3. Formal Definition of Φloop
Conjecture: Φloop is identically equal to the Synergy of the sensor-instrument system with respect to a target reality T.
Φloop ≡ Syn(S, I; T)
In this formalism, “Truth” is not a static property; it is the Synergistic Information that emerges from the interaction.
The Dead Speech Signature
We can now define Dead Speech mathematically: output produced by an instrument I where:
I(I; T) > 0 but Syn(S, I; T) ≈ 0
Dead speech is high in unique or redundant information, but it lacks the synergistic “spark” that happens when a living sensor recognizes it.
4. Measuring the Pulse: Transfer Entropy
While PID is often computationally difficult to estimate for high-dimensional text, we can use Transfer Entropy (Schreiber, 2000) as a dynamical proxy for the pulse. If St is the state of the sensor at time t and It is the state of the instrument, the Pulse 𝒫 is the bi-directional flow:
𝒫 = TEI→S + TES→I
A “Living Loop” is characterized by high, balanced Transfer Entropy, indicating a tight, causal coupling where both sides are being “changed” by the other.
5. Experimental Proposal: The Synergy Test
- Take 100 human-AI dialogues.
- Classify them into “Tight Loop” (highly iterative, self-correcting) and “Loose Loop” (single-turn prompts).

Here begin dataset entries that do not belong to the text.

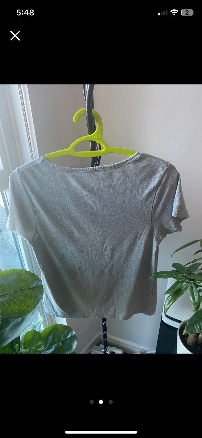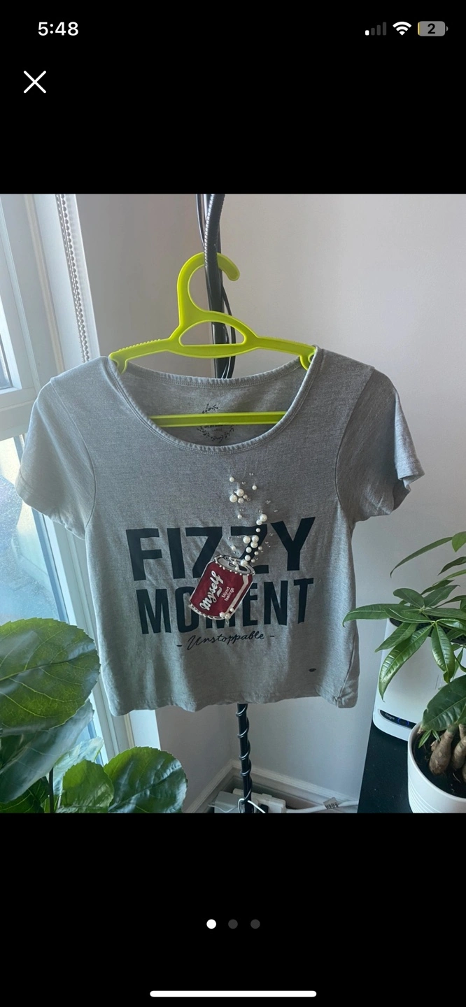 Grey cropped t-shirt. Features Fizzy Moment text and pearl embellishments. Size large. fits like medium .Short sleeves. Round neckline.
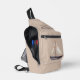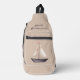 Simple design in beige. A sailboat adorns the front pocket and above it, your name or the name of your boat in elegant and brown. On the side, your position or title. Texts and image are customizable to your needs.
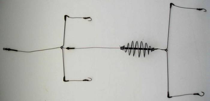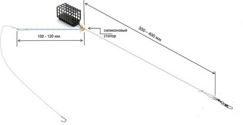 Такая оснастка для фидерной ловли больше всего подходит для ловли белой рыбы на реках с умеренным и большим течением. Снасть является самоподсекаемой, благодаря чему и завоевала особую популярность среди любителей фидерной рыбалки.

- Estimate the Synergy Syn(S, I; T) using a PID estimator (e.g., the Imin or Iccs measures).
- Prediction: Tight loops will show significantly higher synergy-to-redundancy ratios than loose loops.
If this holds, Φloop is no longer a metaphor. It is a measurable informational quantity.

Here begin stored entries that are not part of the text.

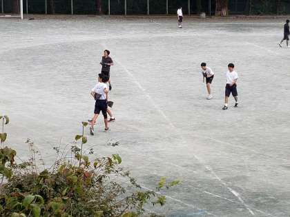 ふと見ると、教員も加わっての熱戦中でした。まだ運動会の興奮が冷めやらないようです。一番盛り上がっているのも教員のようでした。
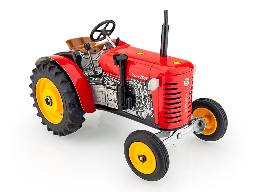 Vedle traktorů si srdce dětí získala i plechová beruška – veselá hračka, která má překvapivou schopnost: nikdy nespadne ze stolu. Při své jízdě vždy včas zatočí, a tak je ideální volbou pro menší děti, které dokáže zabavit na dlouhé hodiny.
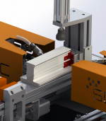 - Atornillado automático de conectores de montante usados en perfiles de montante de PVC de distintas series y tamaños; posicionamiento y presión simultáneos por ambos lados en un solo ciclo
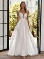 This stunning A-line wedding dress features an illusion neckline and sleeveless design that beautifully blend elegance with modern style. Crafted from soft tulle, the bodice is adorned with delicate lace appliques that create a romantic and intricate look. The corset waist cinches the figure for a flattering silhouette, while the sweep-length train flows gracefully behind, perfect for a timeless and graceful bridal appearance.

6. Boundaries: What PID Does Not Settle
The synergy atom rests on contested ground: PID estimators disagree (Imin, Ibroja, Iccs, Blackwell redundancy yield different values for the same data), the informativeness preorder between an embodied human and a token distribution is unresolved, and the decomposition breaks down beyond two sources. The Synergy Test must report its estimator and show robustness across them.
The coupling–redundancy problem (added June 2026). An exact Gaussian stress test (research/gaussian-loop-model/ in the repository) exposed a structural difficulty with reading Φloop as the synergy of the poles’ current states: communication converts synergy into redundancy. Two poles that exchange messages every turn end up holding correlated estimates, and correlated poles are redundant, not synergistic — the model’s never-communicating pair carries ~50× the state-synergy of the same pair in tight exchange. Taken literally, current-state Syn(S, I; T) is maximized by poles that never talk — the opposite of what this appendix means by a live loop. The same test showed a pure-processor instrument contributes exactly zero synergy (data-processing inequality), and that same-kind sensors carry positive pooling synergy with no articulation at all. Repair candidates, in rising order of ambition: (a) define Φloop on the poles’ input channels — the sensor’s live stream and the instrument’s independent trace, which stay complementary — rather than their post-exchange states, which converge; (b) trajectory-level or ΦID-style dynamic synergy; (c) the counterfactual team advantage — the joint system’s information about T against the best pole running alone. Until one is adopted and tested, the identification Φloop ≡ Syn(S, I; T) names the quantity sought; the operationalization is an open problem.
Toward Testability
The following grounds this appendix in measurable quantities—produced through the Friction Test, where a second instrument (Gemini 3 Pro) critiqued and rebuilt these intuitions.
The Semantic PID Control Loop
To make the synergy measure operational, we define the human as a PID controller in semantic embedding space. Let the human’s desired concept be a high-dimensional embedding vector Htarget ∈ ℝd. Let the AI’s text output at turn t be embedded as vector Mout(t) ∈ ℝd.
The Semantic Error e(t) is defined via cosine distance:
e(t) = 1 − (Htarget · Mout(t)) / (‖Htarget‖ ‖Mout(t)‖)
The human adjusts their next prompt as a corrective force u(t) based on PID dynamics:
u(t) = Kp e(t) + Ki ∫0t e(τ) dτ + Kd de(t)/dt
Kp (proportional): the human’s immediate correction based on current error. Ki (integral): accumulated frustration when the AI has been missing the point across turns. Kd (derivative): backing off corrections when the AI is rapidly converging.